Data Fabric, Data Mesh Distilled
It’s a New Year and a new attitude! A lot has been said about data. As of 2021, 2.5 quintillion bytes of data were generated across the Internet every day and Google processed 20 petabytes which included 3.5 billion search queries daily. Humanity, using the machines we depend on to live, work, and play generate lots and lots of data. All of this data translates into information used to push advertisements, perform credit scoring, find fraud, and more. We generate so much data we have to buy more and more storage and continuously come up with clever ways of tagging, cataloging, and accessing data. The sheer amount of data makes it exceedingly difficult to find the data you need, when you need it. The management consultant, Geoffrey Moore says, “without big data we’re blind and deaf”. Data and information gets generated and captured so fast, that we’re definitely blinded by the sheer volume of the stuff.
“Without big data, you are blind and deaf and in the middle of a freeway.”
-Geoffrey Moore
Every year, companies spend significant resources and invest many hours of manpower to figuring out where to store specific data products and determining who has access to it.
We’re going to start this RIViR Reads year off by talking about two new concepts being considered to solve one of big data’s challenges, data access and control.
The Data Fabric and Data Mesh are two concepts the big data industry are promoting to solve the access and control problem. We’ll start with the Data Fabric.
Data Fabric
A Data Fabric is an architectural idea. A data fabric comprises a unified set of data services that share compute and storage infrastructure, standardized interfaces, and can be accessed the same way whether or not data is kept in the cloud or on-premises. Data Fabrics support different data storage and database technologies. A Data Fabric can host CSVs and other text files like JSON, NoSQL database, and SQL databases. Data Fabrics work by overlaying data access software on top of dedicated data storage devices and services. Data access software created by companies like IBM and Informatica give users the ability to use SQL and NoSQL standards to access underlying data. Data storage devices and services provide standard access to data as if it were hosted on-premises, in multiple clouds, or a combination of both.
Data Mesh
We typically think of mesh being made of fabric. You can think of Data Mesh the same way. A Data Fabric can be used to implement a Data Mesh. A Data Mesh is a design pattern for making data more accessible and consumable for end users. The Data Mesh design pattern is based upon approaches used by software developers to create modern, distributed software applications. A Data Mesh splits data into different user domains. Data creators can publish and maintain their data as their needs demand. They can also control the data’s governance, who has access to it and for how long. While users create and maintain their data, technologies are used to make data products easily accessible to customers.

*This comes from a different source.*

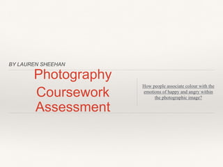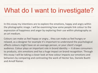 This document discusses an investigation into how color is associated with emotions like happy and angry in photographs. The author will examine works by Hector Sos, Gillian Wearing, and Kyungwoo Chun to analyze how these artists use color in their photos to express emotions. Hector Sos creates paper masks for portraits that use color and paper details to suggest feelings. Gillian Wearing photographs people holding signs with their inner thoughts, using lack of facial expression with messages. Kyungwoo Chun uses blurred portraits and bold colors that the author thinks could emphasize emotions when combined with colored backdrops.

Data Fabric technologies are used to provide standardized access to data. Data Mesh technologies are used for organizing the data.
The right combination of a Data Fabric architecture and Data Mesh design pattern provide a standardized method for storing, organizing, and controlling how data is created, consumed, and shared with data product users. Data Fabrics and Data Meshes can solve many organizational challenges with data handling. Like with many technologies the key to making these technologies work is careful planning and a methodical rollout. It looks like we’re not going to slow down how much data we generate every day. Data Fabrics and Data Meshes may be the key to helping us avoid blinding ourselves by the constant influx of information.